For a long time, I kept most of my thoughts to myself.

Not because I had nothing to say, but because I wasn’t sure they deserved to exist outside my own head. Writing stayed private. Mostly hidden in notes, unfinished drafts, folders, or scattered thoughts I never shared.

But over time, something changed.

I realized that writing was not really about having answers. It was about making sense of things. Creating a bit of order in the noise. Slowing down long enough to understand what I actually think.

So this space is probably an extension of that process.

My name is Kevin Barbier. In other places online, you may also find me under the name Mhussard, which I use for my explorations around design, XR, and visual creation.

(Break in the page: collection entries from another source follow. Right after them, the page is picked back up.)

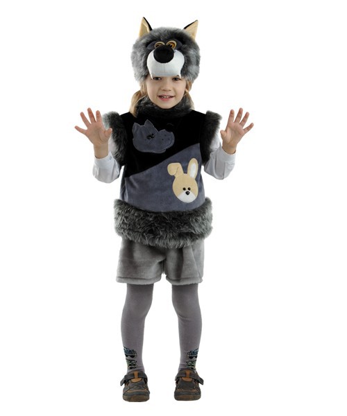 Комплект: маска-шапочка на резинке, жилетка с аппликацией и меховой оторочкой, шорты с хвостиком
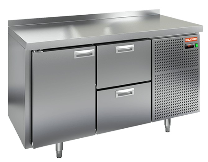 Холодильный стол HICOLD GN 12/TN с боковым расположением агрегата. Электронная панель управления, размер полки: 530х325 мм (GN 1/1), толщина теплоизоляции: 50 мм. Регулируемые по высоте ножки, автоматические доводчики дверей с фиксатором открытого положения, легкозаменяемые магнитные уплотнители. Корпус и столешница из нержавеющей стали.
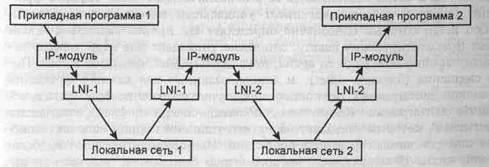 Рисунок 11.1 Загальна схема руху IP-пакета (LNI — інтерфейс локальної мережі)
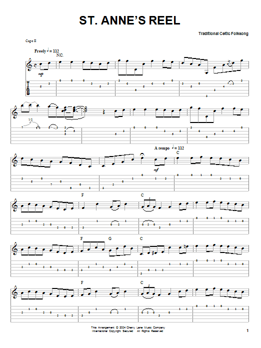 Download or print Traditional Celtic Folksong St. Anne's Reel sheet music, chords and digital score arranged for Solo Guitar. This Irish score includes 6 page(s).
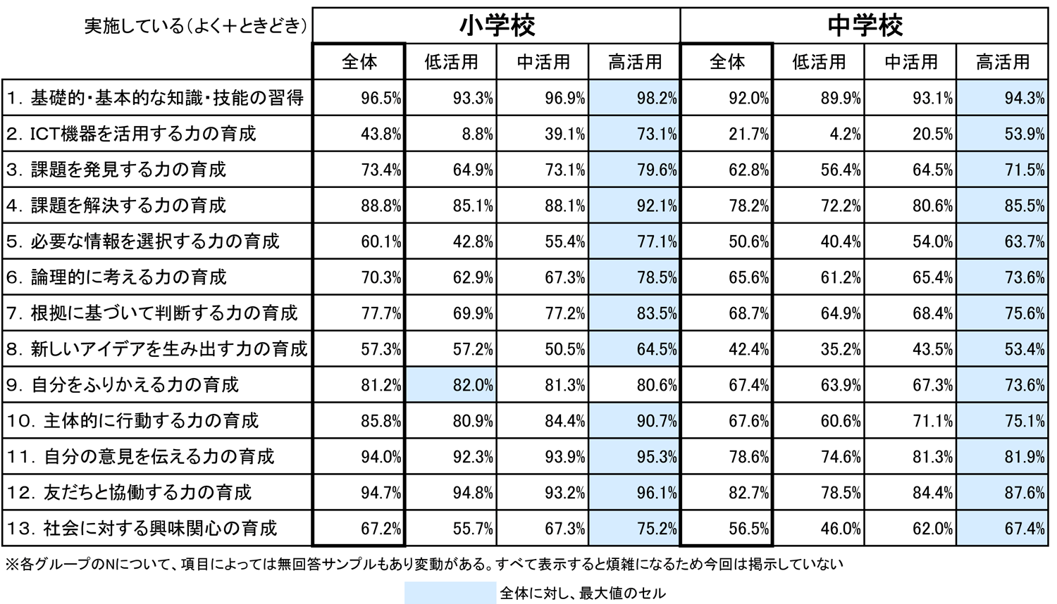 注9)もちろん、多様な力を身につけさせる授業を実施することによって、「高活用」となる可能性もある。
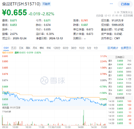 连涨3天后,吃喝板块回调。反映吃喝板块整体走势的食品ETF(515710)早盘低开后持续下挫,最终场内价格收跌2.82%。

Here, I want to document ideas, experiments, questions, and fragments of reflection around the things that genuinely capture my attention. AI will probably appear often. So will tools, creativity, digital environments, and personal knowledge management. Lately, I’ve become increasingly interested in how technology is reshaping not only the way we work, but also the way we think, learn, remember, and create.

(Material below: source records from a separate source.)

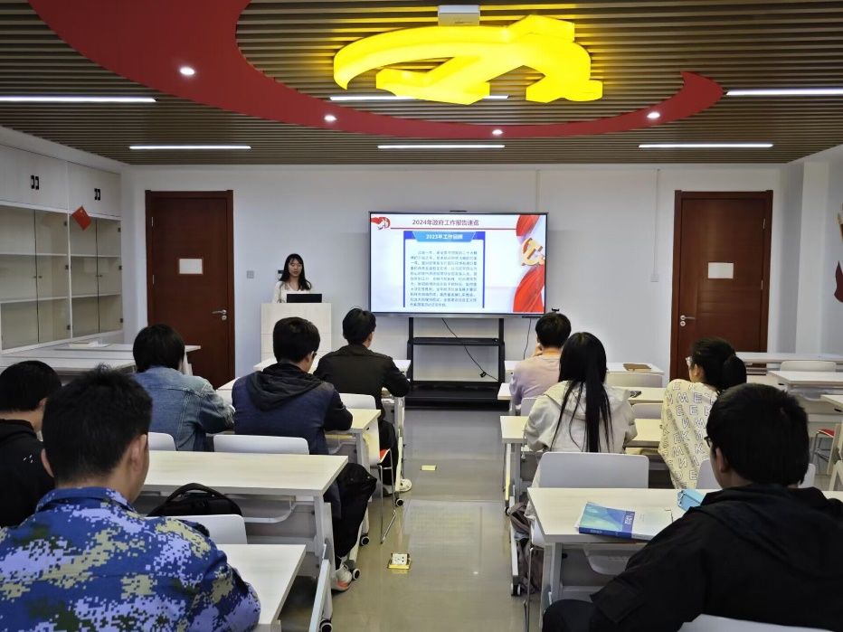 开课仪式结束后,辅导员陶候主讲了第一次团课。陶候从2024年政府工作报告引入,围绕2024年经济社会发展总体要求和政策取向进行重点讲解,结合公司公司的育人目标,勉励全体学员积极学习专业知识,努力成为创新型人才,勇立时代潮头,用敢于创新的精神体现青年风貌,用实实在在的行动践行自己的入团誓言。
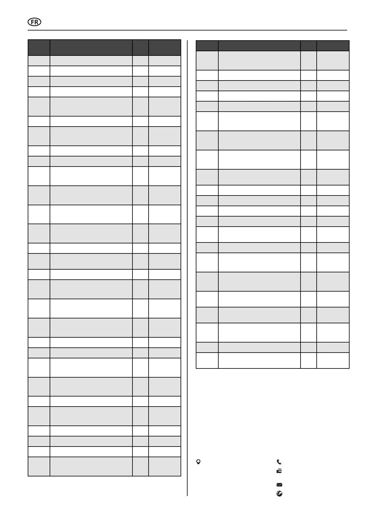 Aperçu des pieces de rechange (tableau)
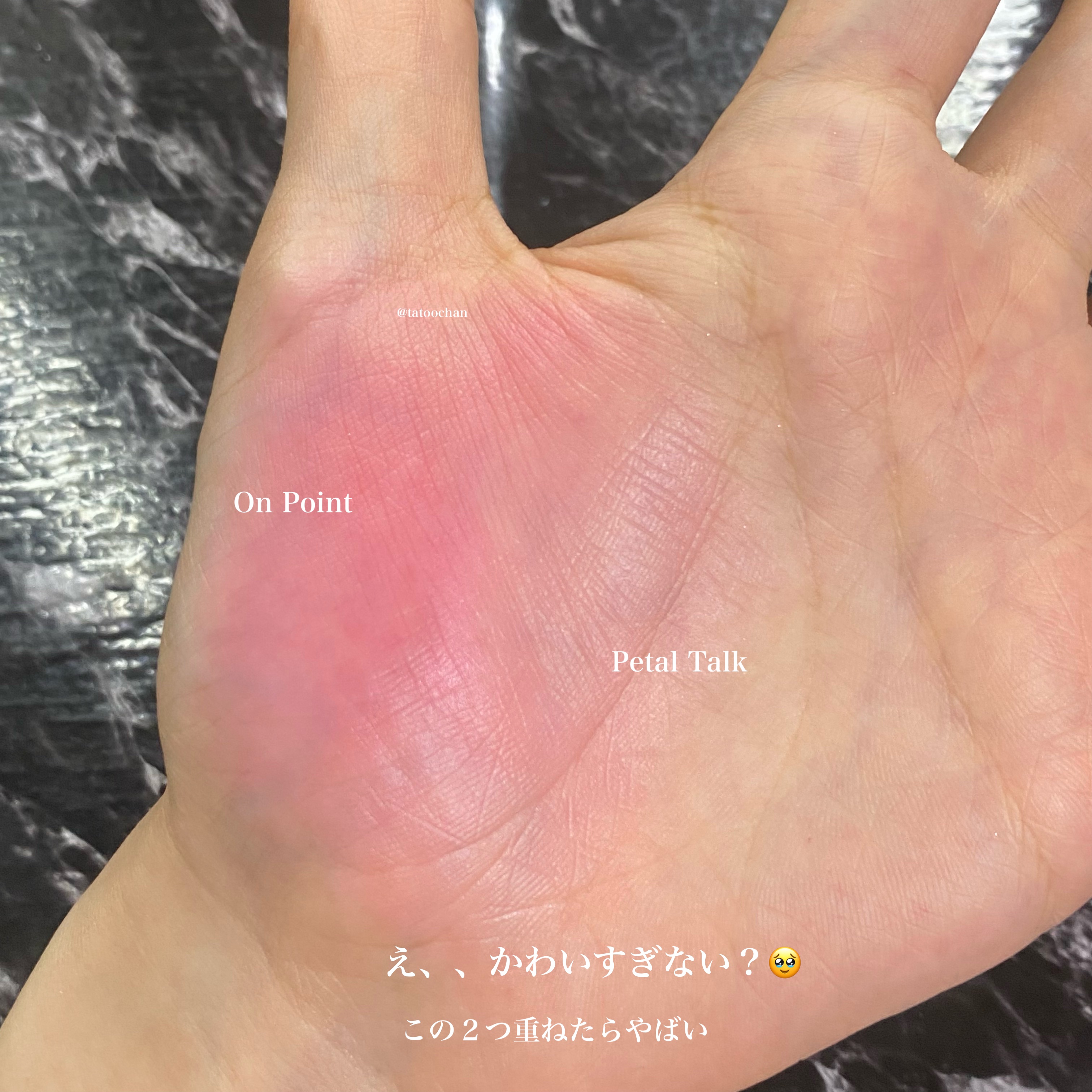 特に②のハートの部分が、綺麗な青みピンクで発色もかなりいいです! 透明感一気に出せるので、アイシャドウもピンクパープル系に合わせてしてみたら可愛い気がします! ブルベ夏カラーのものが本当に大好きなんですけど、これは2つともドンピシャでした!

The more AI evolves, the more one question keeps coming back in my mind: what happens when knowledge itself becomes one of the central layers of everyday life?

I don’t really approach these topics as an expert. I’m much more interested in exploration than certainty.

This space is not meant to deliver definitive answers or polished conclusions. It’s more like a quiet record of observations, thoughts, and experiments while trying to better understand the world around me.

I think many people today feel this strange tension between excitement and disorientation. Technology keeps accelerating, tools keep multiplying, and it sometimes feels difficult to find stable ground inside all of it. Writing helps me slow things down enough to examine them properly.

Maybe that’s also why I’m interested in PKM and digital gardens. Not simply as productivity systems, but as ways to think more clearly and remain intentional in an environment designed to constantly fragment attention.

I’m also present on platforms like Substack and Medium, where I already share longer reflections and essays. Some of those articles will probably find their way here as well, alongside shorter notes and more spontaneous thoughts.

In a way, I simply want to contribute my own small piece to this growing conversation around technology, creativity, knowledge, and the way we navigate a rapidly changing world.

In the end, I think this blog exists for a simple reason: to leave traces.

Not polished personal branding, not the illusion of expertise, just an attempt to think more honestly, document what I’m building, and understand where all of this might be leading us.

Maybe this space will evolve over time. Maybe the subjects will shift, the questions will deepen, or the format itself will change. That’s part of the process too.

For now, I’m simply glad to begin somewhere. Anyway, this is a start.